◆ What is needed ◆
Leave out every picture, then transcribe the rest of the listing exactly.

◆ Information shown ◆
Segment Open

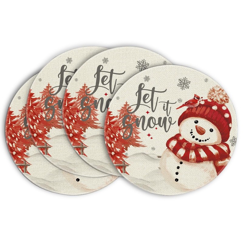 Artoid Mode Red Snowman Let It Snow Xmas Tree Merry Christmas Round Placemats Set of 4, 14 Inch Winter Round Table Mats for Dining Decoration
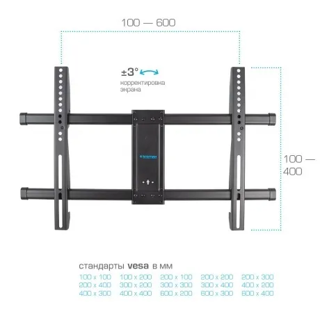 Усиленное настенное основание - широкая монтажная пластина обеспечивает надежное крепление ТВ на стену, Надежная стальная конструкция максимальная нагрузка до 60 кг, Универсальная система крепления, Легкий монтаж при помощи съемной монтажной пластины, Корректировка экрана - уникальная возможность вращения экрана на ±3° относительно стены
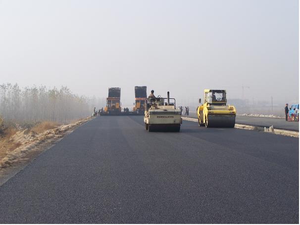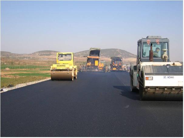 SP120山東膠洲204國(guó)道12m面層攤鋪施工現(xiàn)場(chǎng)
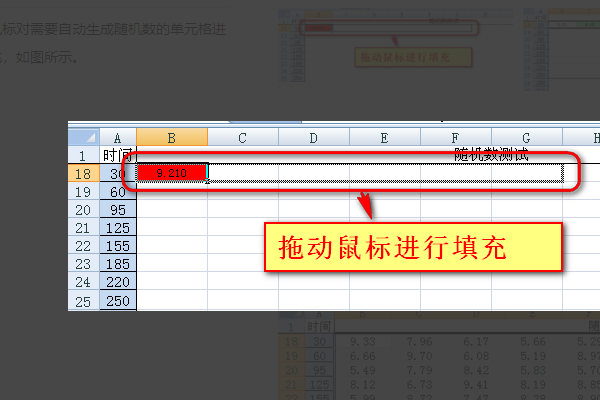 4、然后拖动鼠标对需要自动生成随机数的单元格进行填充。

Segment Closed

◆ Answer box ◆
 Artoid Mode Red Snowman Let It Snow Xmas Tree Merry Christmas Round Placemats Set of 4, 14 Inch Winter Round Table Mats for Dining Decoration
 Усиленное настенное основание - широкая монтажная пластина обеспечивает надежное крепление ТВ на стену, Надежная стальная конструкция максимальная нагрузка до 60 кг, Универсальная система крепления, Легкий монтаж при помощи съемной монтажной пластины, Корректировка экрана - уникальная возможность вращения экрана на ±3° относительно стены
 SP120山東膠洲204國(guó)道12m面層攤鋪施工現(xiàn)場(chǎng)
 4、然后拖动鼠标对需要自动生成随机数的单元格进行填充。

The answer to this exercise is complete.